Call the number of participants P, being the number of workers + 1  
(for the leader).  Compared to a non-shared hash plan, we avoid  
wasting CPU and IO resources running P copies of the inner plan in  
parallel (something that is not well captured in our costing model for  
parallel query today), and we can allow ourselves to use a hash table  
P times larger while sticking to the same overall space target of  
work_mem * P.  

2.  Parallel Hash Join with Parallel Shared Hash  

      ->  Parallel Hash Join  
            ->  <partial outer plan>  
            ->  Parallel Shared Hash  
                  ->  <partial inner plan>  

In this case, the inner plan is run in parallel by all participants.  
We have the advantages of a shared hash table as described above, and  
now we can also divide the work of running the inner plan and hashing  
the resulting tuples by P participants.  Note that Parallel Shared  
Hash is acting as a special kind of gather operation that is the  
counterpart to the scatter operation contained in the inner plan.  

PERFORMANCE  

So far I have been unable to measure any performance degradation  
compared with unpatched master for hash joins with non-shared hash.  
That's good because it means that I didn't slow existing plans down  
when I introduced a bunch of conditional branches to existing hash  
join code.  

Laptop testing shows greater than 2x speedups on several of the TPC-H  
queries with single batches, and no slowdowns.  I will post test  
numbers on big rig hardware in the coming weeks when I have the  
batching code in more complete and stable shape.  

IMPLEMENTATION  

I have taken the approach of extending the existing hash join  
algorithm, rather than introducing separate hash join executor nodes  
or a fundamentally different algorithm.  Here's a short description of  
what the patch does:  

1.  SHARED HASH TABLE  

To share data between participants, the patch uses two other patches I  
have proposed:  DSA areas[1], which provide a higher level interface  
to DSM segments to make programming with processes a little more like  
programming with threads, and in particular a per-parallel-query DSA  
area[2] that is made available for any executor node that needs some  
shared work space.  

The patch uses atomic operations to push tuples into the hash table  
buckets while building, rehashing and loading, and then the hash table  
is immutable during probing (except for match flags used to implement  
outer joins).  The existing memory chunk design is retained for dense  
allocation of tuples, which provides a convenient way to rehash the  
table when its size changes.  

2.  WORK COORDINATION  

To coordinate parallel work, this patch uses two other patches:  
barriers[3], to implement a 'barrier' or 'phaser' synchronisation  
primitive, and those in turn use the condition variables proposed by  
Robert Haas.  

Barriers provide a way for participants to break work up into phases  
that they unanimously agree to enter together, which is a basic  
requirement for parallelising hash joins.  It is not safe to insert  
into the hash table until exactly one participant has created it; it  
is not safe to probe the hash table until all participants have  
finished inserting into it; it is not safe to scan it for unmatched  
tuples until all participants have finished probing it; it is not safe  
to discard it and start loading the next batch until ... you get the  
idea.  You could also construct appropriate synchronisation using  
various other interlocking primitives or flow control systems, but  
fundamentally these wait points would exist at some level, and I think  
this way is quite clean and simple.  YMMV.  

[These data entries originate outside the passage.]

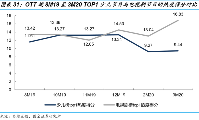多省IPTV端少儿点播需额外付费,或持续拉动ARPPU值提升。以移动IPTV在湖南、浙江、河北和湖北点播包月套餐为例,电影、电视、少儿一般是分开收费或是采取包含少儿专区内容的溢价收费模式。2019年河北移动IPTV影视、少儿专区价格为239元/年;湖北移动IPTV推出超级影视优惠包和超级少儿包,29元/连续包月。2020年湖南动漫和少儿专区包月价格分别为9和29元/月,少儿内容与电影和电视专区单价相同,而浙江包括少儿内容的套餐价格相比仅包含电视和电影的内容多出10元/月。在IPTV进行点播时主要采用包月或包年的收费方法,全国较多省市 IPTV端影视区和少儿区分开收费。并且根据奥维互娱数据显示,OTT端少儿节目TOP1的热度得分与电视剧节目TOP1的热度得分不相上下,大屏用户对于少儿节目的偏好较高,用户另行为少儿内容付费或持续为ARPPU值增长助力。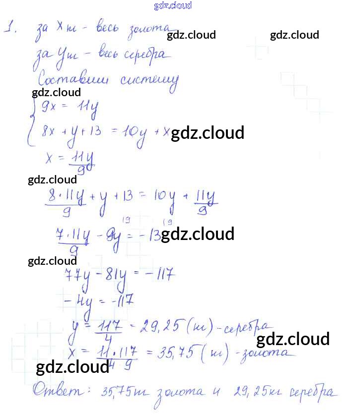 Старинные задачи Ответы к Главе 7. Системы двух уравнений с двумя неизвестными по Алгебре 7 класс Учебник Алимов    Просвещение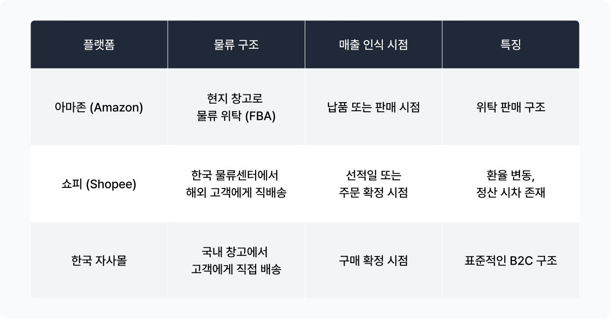스킨1004는 글로벌 확장 이후 이 문제를 가장 직접적으로 마주한 브랜드 중 하나입니다. 국내 자사몰을 넘어 Shopee(동남아), Amazon(미국·유럽) 등으로 판매 채널을 넓히면서 물류 흐름과 정산 구조가 한층 복잡해졌기 때문입니다. 이에 따라, 스킨1004 재무•회계팀의 관심사는 ‘얼마를 벌었는가’에서 ‘어느 시점을 기준으로 매출을 인식해야 하는가’로 확장됐습니다.
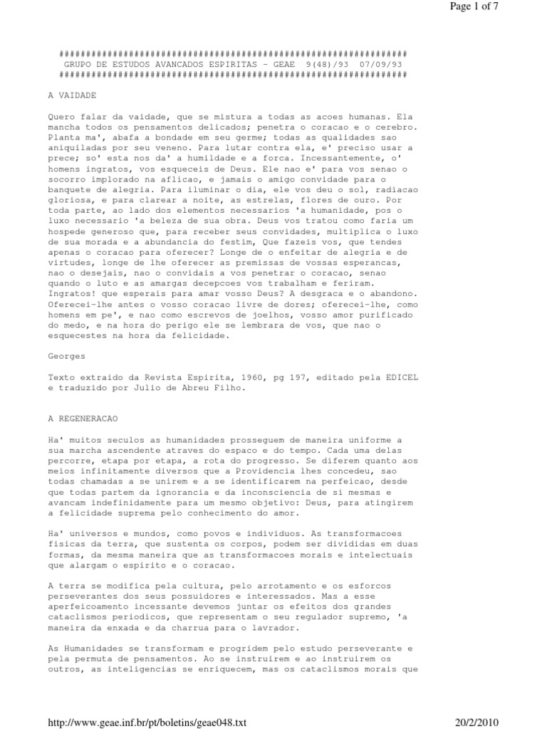 ################################################################# GRUPO DE ESTUDOS AVANCADOS ESPIRITAS - GEAE 9(48)/93 07/09/93 #################################################################

If we had exactly W workers and the leader didn't participate, then we  
could use a simple simple pthread- or MPI-style barrier without an  
explicit notion of 'phase'.  We would simply take the existing hash  
join code, add the shared hash table, add barrier waits at various  
points and make sure that all participants always hit all of those  
points in the same order, and it should All Just Work.   But we have a  
variable party size and a dual-role leader process, and I want to  
highlight the specific problems that causes here because they increase  
the patch size significantly:  

Problem 1:  We don't know how many workers will actually start.  We  
know how many were planned, but at execution time we may have  
exhausted limits and actually get a smaller number.  So we can't use  
"static" barriers like the classic barriers in POSIX or MPI where the  
group size is known up front.  We need "dynamic" barriers with attach  
and detach operations.  As soon as you have varying party size you  
need some kind of explicit model of the current phase, so that a new  
participant can know what to do when it joins.  For that reason, this  
patch uses a phase number to track progress through the parallel hash  
join.  See MultiExecHash and ExecHashJoin which have switch statements  
allowing a newly joined participant to synchronise their own state  
machine and program counter with the phase.  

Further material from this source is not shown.